西武百貨店時代

— 物好きが高じて百貨店入社から代表取締役退任まで……、25年間のレビュー

学生時代から、モノへのこだわりはヒトより強いほうでした。
小学校時代は蝶標本の収集、中学生時代は鉄道模型に凝ったりしました。 高校時代は折しも石津謙介さんの「VAN」登場の頃でした。
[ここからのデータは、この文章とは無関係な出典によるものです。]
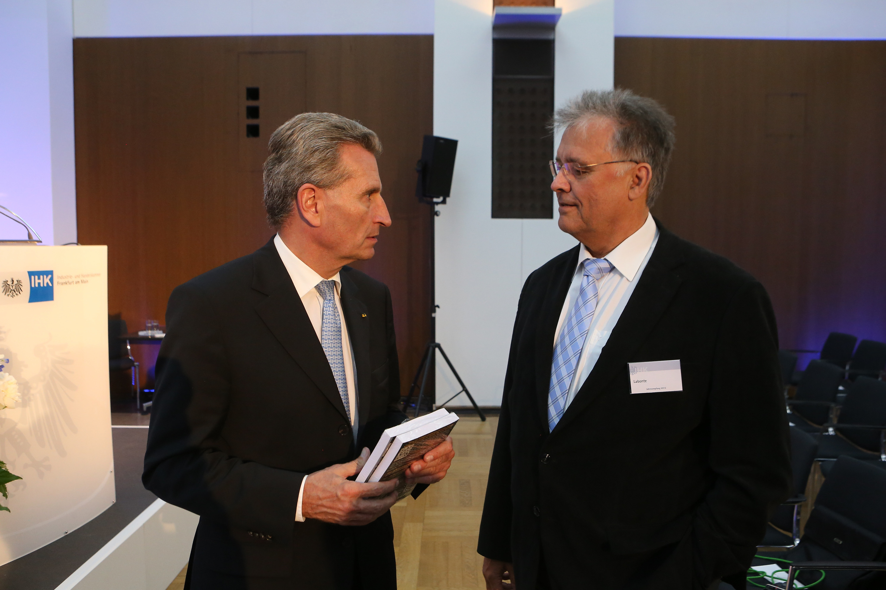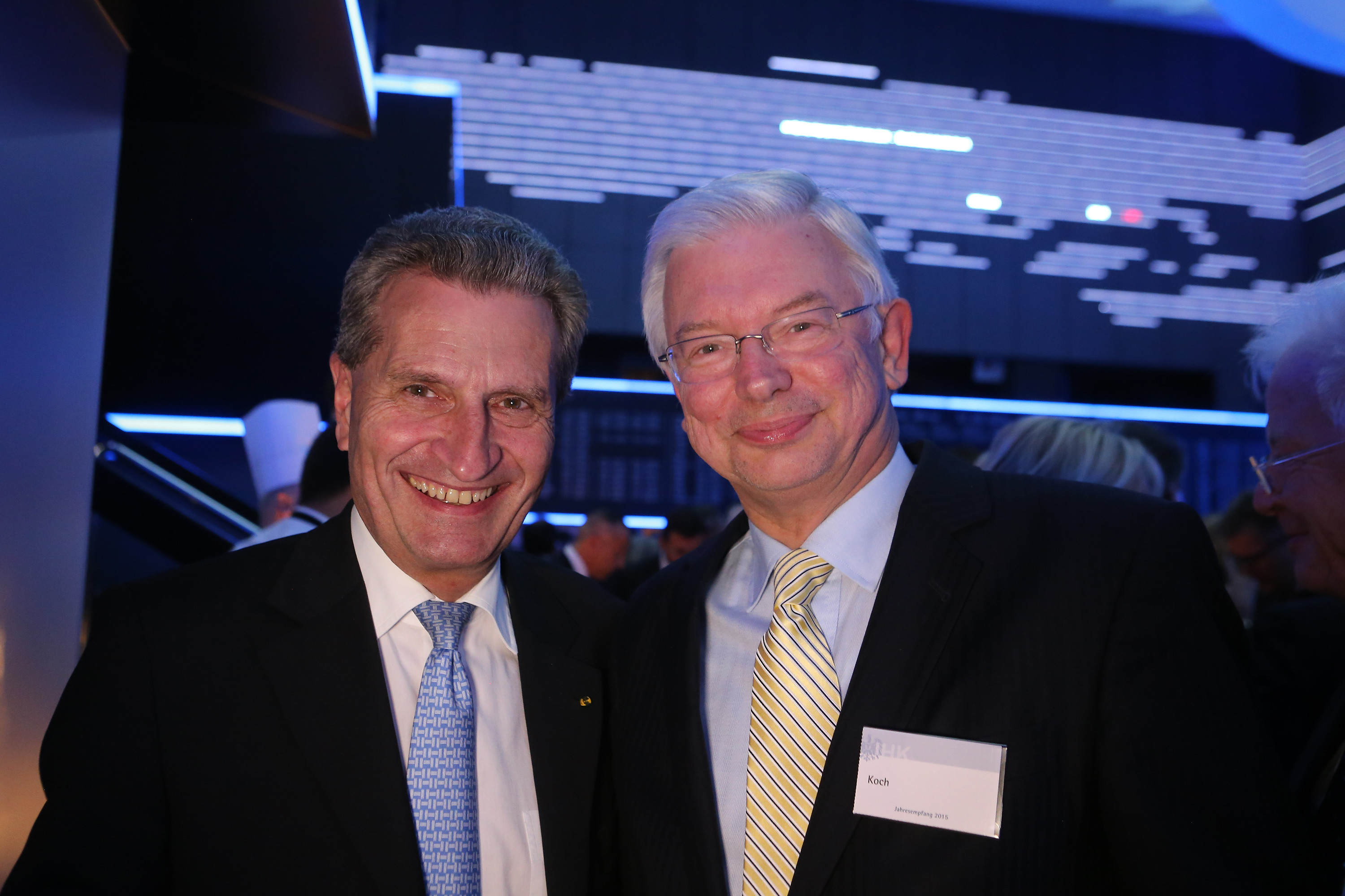 27.05.2015, Germany, Frankfurt, Jahresempfang der IHK FRankfurt am Main, mit den Reden von EU Kommisar Guenther Oettinger , Volker Bouffier, Peter Feldmann(OB FRA), IHK Präsident Müller, sowie Heinz Peter Labonte (Fachverband Rundfunk und Breitband Komunikation, Dirk Metz, ex MP Roland Koch und dem Vorstand der Frankfurter Börse auf dem Parkett, ex Bundesbank Edgar Meister, Eine Rede die es in sich hatte legte Günther Öttinger vor den rund 3500 Gästen in 4 Übertragungssälen hin. Es war eher eine der modernsten Wach Rüttel Reden, die er inzwischen in so großen Teilen auch in English brilliant darlegt. Er geht nicht über seine Schwächen hinweg, um das Auditorium mitzunehmen. Da blieben Volker Bouffier nur noch ein paar Gedanken zur Nacht und der Frankfurter OB Peter Feldmann redete 13 minuten über die Schwierigkeiten aus seiner Sicht einer Gesellschaft von morgen, das Zusammenlegen von Tarifverbünden des öffentlichen Nahverkehrs. Da waren viele Anwesende, die bei der IHK Frankfurt mit Fahrer angereist waren, natürlich voll beeeindruckt. Vielleicht…im nächsten Leben .

当時は、このアイビールックに凝ったわけですが、それだけでは飽き足りなくなって、アメリカに家族がいた友人に頼んで、ブルックス・ブラザースのバーミューダパンツを送ってもらったり……。

そのころ東京でいち早くVANを導入した百貨店が、西武池袋店と数寄屋橋阪急百貨店だったのです。 高校時代の仲間がプロ裸足のジャズバンドをしていたので、そのパンフレットへの広告をVAN本社にもらいにも行きました。 ちょうど、くろすとしゆきさんが広告担当でいて、面白がってこの高校生バンドに広告をだしてくれました。
大学時代になると、西武が渋谷に進出して、カプセルとかBE-INとか当時の最先端のブティックを作ります。これにも驚かされました。
そんなこともあって、就職するならばモノと文化の流行を先取りする仕事ができる百貨店、しかもその最先端を走っている西武に、と思い込んでいました。
大学卒業の時はゼミの教授と衝突してまで、西武に応募しました。

配属は渋谷店の婦人服売り場。よくある話ですが、最初はやりたい仕事と、やらされている仕事が違っていて、三ヶ月で飽きてしまいました。 でもどうせ仕事に時間を費やすのならば、それを面白くするか、しないかは自分の心の持ち方ひとつだということに突然気づいて、当時担当していた、都内百貨店の中でも最も売れなかった「J」というブランドのコーナーを半年で都内一の売り場に変身させることができました。 こうなると仕事が面白くなります。そんなわけで、ついつい25年間も西武にお世話になることに……。まさに、「商いとは飽きないことと見付けたり」だったのです。
それから営業企画、商品開発、販売促進などを担当させてもらいました。生意気盛りのその頃になると、マーケティングの専門書にずいぶんと原稿を書かせてもらいました。 当時最新のマーケット理論を思う存分実現していた西武は大いに注目されたからです。